Troilus and Creseide, B. iii. fol. 164.—Workes, ed. 1602.

See also Lydgate’s Warres of Troy, B. i. sig. D v. ed. 1555; and his copy of verses (entitled in the Catalogue Advices for people to keep a guard over their tongues), MS. Harl. 2255. fol. 132.

v. 499. cought] i. e. caught: compare the first of our author’s Balettys, v. 19. vol. i. 22.

v. 500. tought] i. e. taught. “Musyke hath me tought.” Hawes’s Pastime of pleasure, sig. G iiii. ed. 1555.

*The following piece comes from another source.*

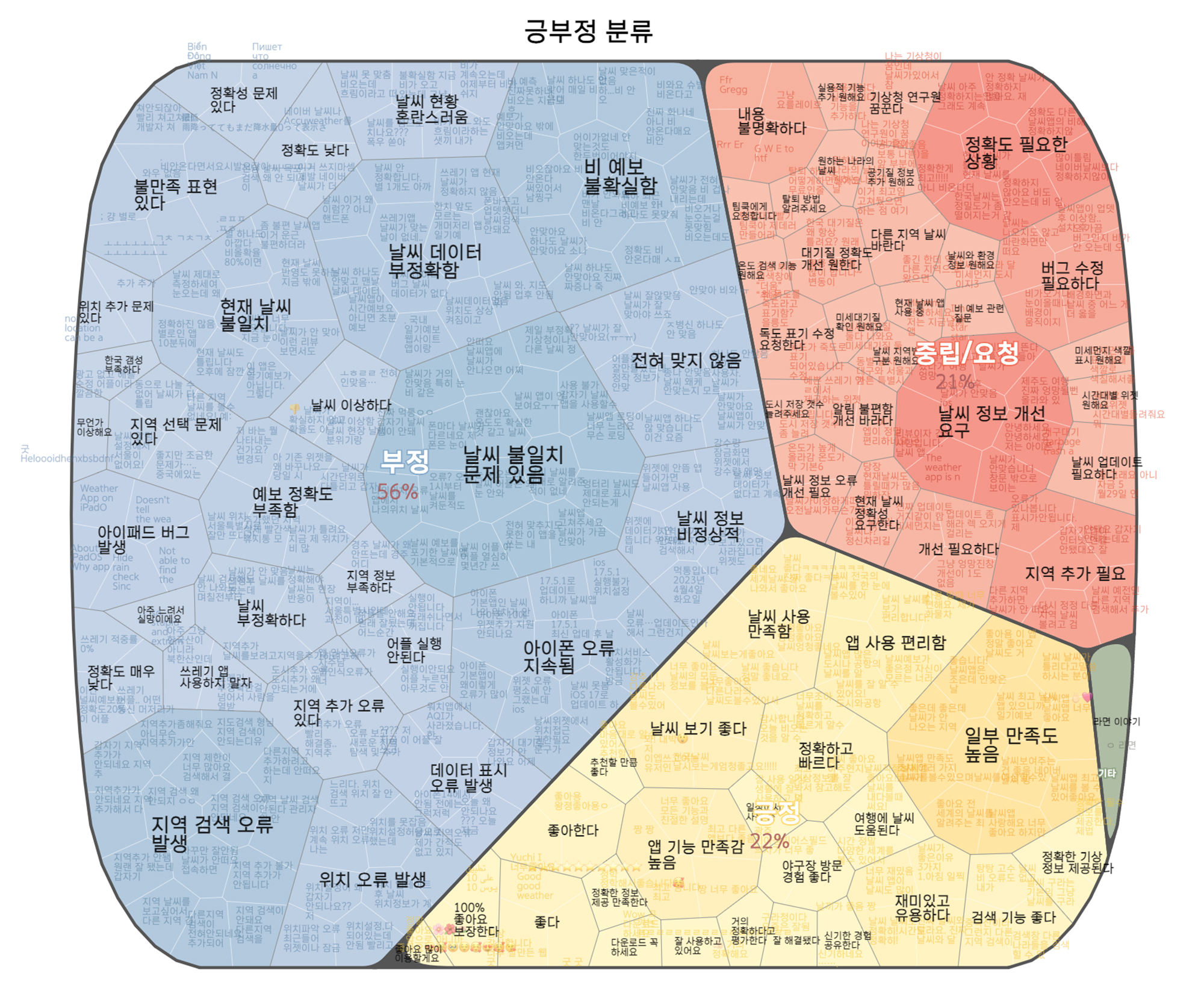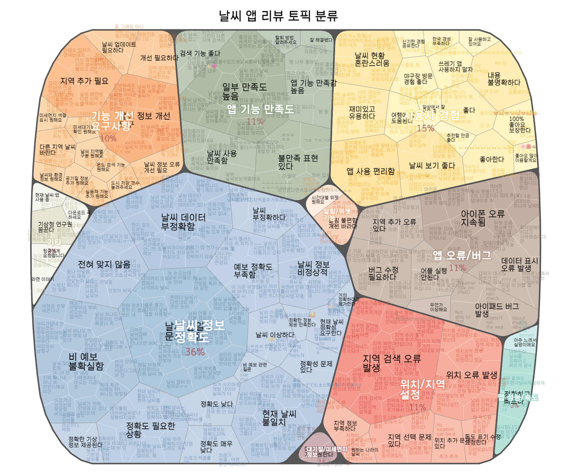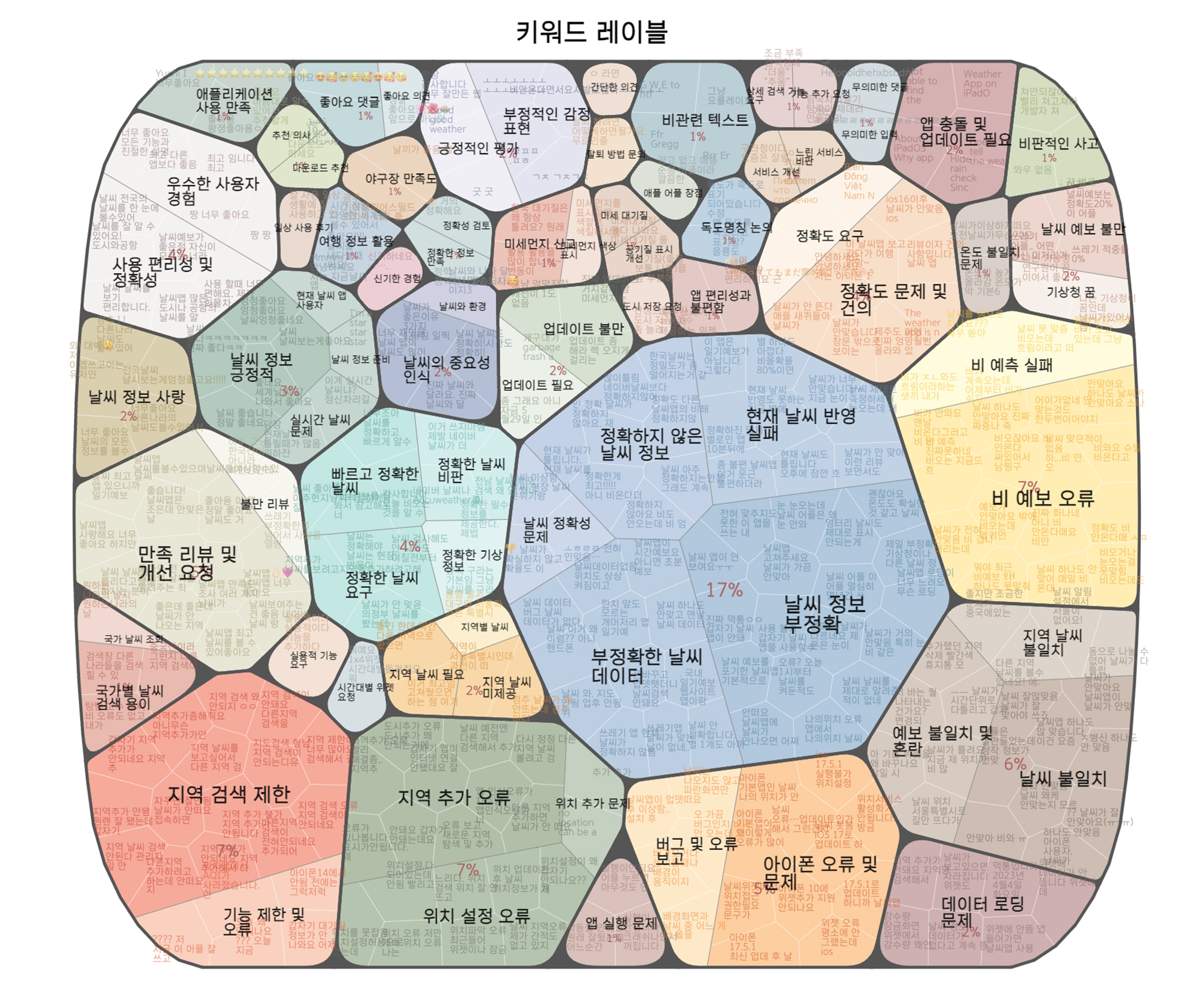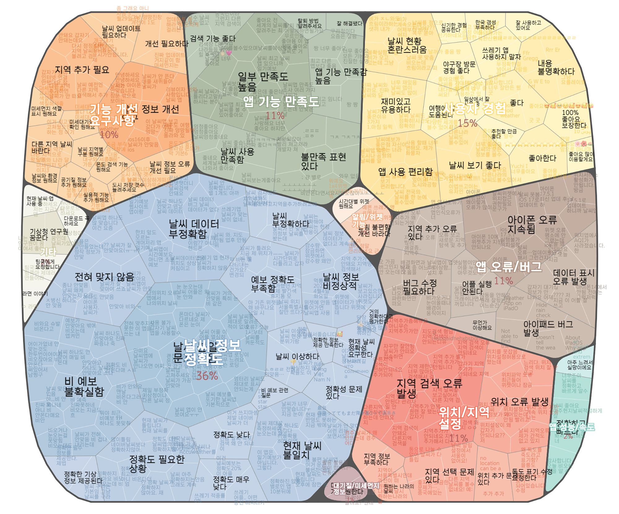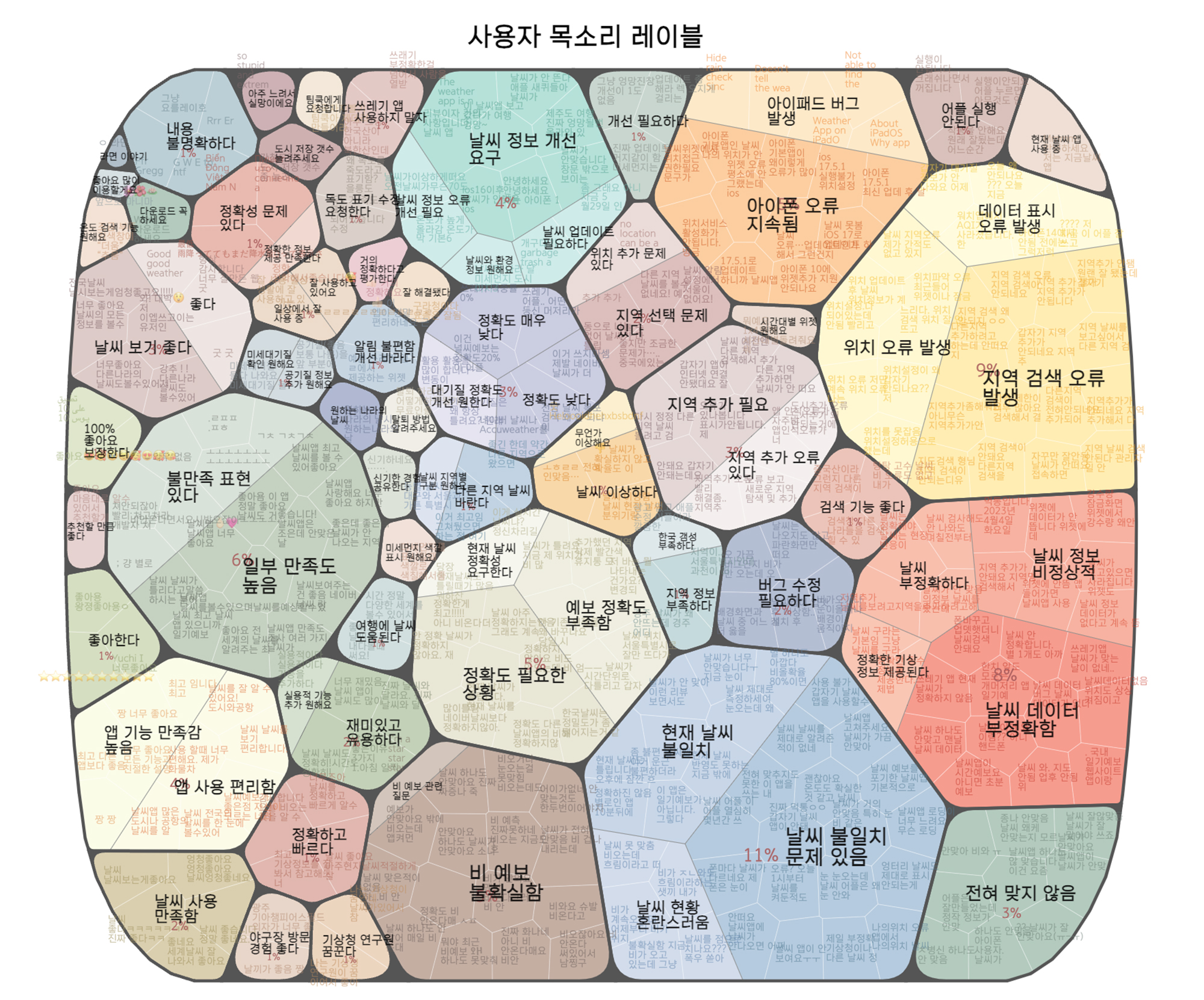 텍스트 데이터 분석에서 널리 쓰이고 있는 ‘워드클라우드’는 단순히 많이 노출된 단어의 분포도를 보여주는 것이지만, 어피니티버블은 데이터에서 주제를 도출하고 정량적으로 시각화합니다. 즉, 트리맵 구조로 1차 묶은 주제와 그 그룹을 2차로 다시 묶어 추상화한 주제를 담고 있어 다양한 층위로 많은 정보를 효과적으로 전달할 수 있습니다.

v. 501. Albumazer] A famous Arabian, of the ninth century.

v. 503.

—— Ptholomy

Prince of astronomy]

The celebrated Claudius Ptolemy, an Egyptian: “Il fleurit vers l’an 125 et jusqu’à l’an 139 de l’ère vulgaire.” Biog. Univ.—In The Shepherds Kalendar (a work popular in the days of Skelton) a chapter is entitled “To know the fortunes and destinies of man born under the xii signs, after Ptolomie, prince of astronomy [i. e. astrology].” “Astronomy, and Astronomer, is the Art of, and the foreteller of things done and past, and what shall happen to any person, &c.” R. Holme’s Ac. of Armory, 1688. B. ii. p. 438.

v. 505. Haly] Another famous Arabian: “claruit circa A. C. 1100.” Fabr. Bibl. Gr. xiii. 17.